1.Hat der Verkäufer Recht, sich den Schaden anzusehen?

Sie können im Rahmen eines sogenannten selbständigen Beweisverfahrens (§ 485 ZPO), die Besichtigung des Motorrads beim Prozessgericht beantragen. Nach § 485 ZPO können Sie während oder außerhalb des Streitverfahrens auf Antrag die Besichtigung oder die Begutachtung des Motorrads durch einen Sachverständigen mit erforderlicher Zustimmung des Gegners ermöglichen oder wenn dieser nicht zustimmen sollte für den Fall, dass der Verlust von Beweismitteln oder deren Benutzung erschwert wird befürchtet wird.

Für den Fall, dass wie in Ihrem Fall noch kein Rechtsstreit anhängig ist, kann eine Partei die schriftliche Begutachtung durch einen Sachverständigen beantragen, wenn sie ein rechtliches Interesse daran hat, dass die Ursache eines Sachmangels festgestellt wird, § 485 II Nr.2 ZPO.

2.Wie wirken sich 2 Jahre und 2 Monate einer vom Verkäufer nicht zu kontrollierenden Nutzung auf den Richter aus?

Sicherlich wird der Richter auch die Tatsache, dass der Käufer das Motorrad zwei Jahren nutzte mit in seine Überlegungen einbeziehen. Jedoch denke ich nicht, dass der Richter diese Tatsache isoliert ohne weitere Umstände/Tatsachen verwerten wird.
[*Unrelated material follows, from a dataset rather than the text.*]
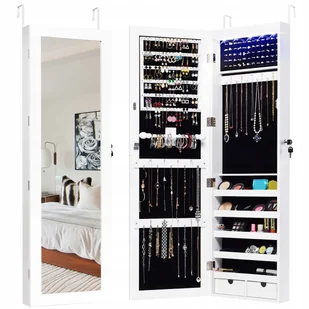 Szafka ma również zamek z boku, aby zabezpieczyć cenne przedmioty, aby nikt inny nie miał do nich dostępu. Szafkę na biżuterię można zawiesić na ścianie lub nad drzwiami, aby zwolnić więcej miejsca na podłodze, co jest idealnym rozwiązaniem zarówno w przypadku ograniczonej przestrzeni, jak i dużych pomieszczeń. Cechy: Lustro o pełnej długości zapewnia widok stroju od stóp do głów. Światła LED pięknie oświetlają biżuterię i ułatwiają jej wybór w ciemnościPrzechowuje kolczyki, bransoletki, pierścionki, naszyjniki, lakiery do paznokci i palety do makijażu6 wyłożonych tacek na kolczyki i kolczyki sztyftyNadaje się do 60 miejsc na pierścionki29 haczyków do zawieszania krótkich lub długich naszyjników z zawieszkami1 drążek do umieszczania szalików i bransoletek5 półek do przechowywania zegarków, okularów przeciwsłonecznych, lakierów do paznokci, perfum, kosmetyków do makijażu i szminek2 dolne szuflady na kosztownościWewnętrzna wyściółka doskonale chroni ukochaną biżuterię przed zarysowaniamiWykonany z mocnych płyt MDF z matowym białym wykończeniem zapewniającym długotrwałą trwałośćMożna zawiesić na ścianie lub nad drzwiami, aby zwolnić więcej miejsca na podłodzeBiałe listwy pięknie komponują się na ścianie lub nad drzwiamiZamykane drzwiczki z zapasowym kluczem do zabezpieczenia kosztownościDane techniczne: Kolor: białyMateriał:

Grundsätzlich sehe ich aber den Rücktritt des Käufers im vorliegenden insofern als fraglich an, als eine Schramme, wie Sie sie beschrieben haben, meines Erachtens gem. §§ 433, 434, 437, 323 Abs.5 BGB möglicherweise (es kommt auf die konkreten Umstände an) als nicht erheblich zu beurteilen sein wird. Nach § 323 Abs. 5 BGB kann der Käufer nicht zurücktreten, wenn die Pflichtverletzung -hier der Mangel- nicht erheblich ist.

Zudem hätte er Ihnen nach den Grundsatz des Vorrangs der Nacherfüllung zunächst eine Fristsetzung zur Nacherfüllung nach § 439 BGB setzen müssen. Erst im Falle des Fehlschlags des Nachbesserungsverlangens kann der Käufer zurücktreten. Wie gesagt scheidet aber der Rücktritt möglicherweise wegen fehlender Erheblichkeit der Schramme, wobei es bei der Beurteilung der Erheblichkeit der Schramme auf die konkreten Umstände ankommt. Angesichts der Tatsache, dass der Käufer diese Schramme erst nach zwei Jahren entdeckte spricht dafür, dass diese völlig unerheblich sein dürfte.

Sollte nunmehr tatsächlich ein schwerer Schaden entstanden sein, so muss der Käufer beweisen, dass dieser schon bei Gefahrenübergang (Übergabe des Motorrads an den Käufer) vorlag. Sollte er diesen Beweis nicht führen können wäre für ein Rücktritt ausgeschlossen.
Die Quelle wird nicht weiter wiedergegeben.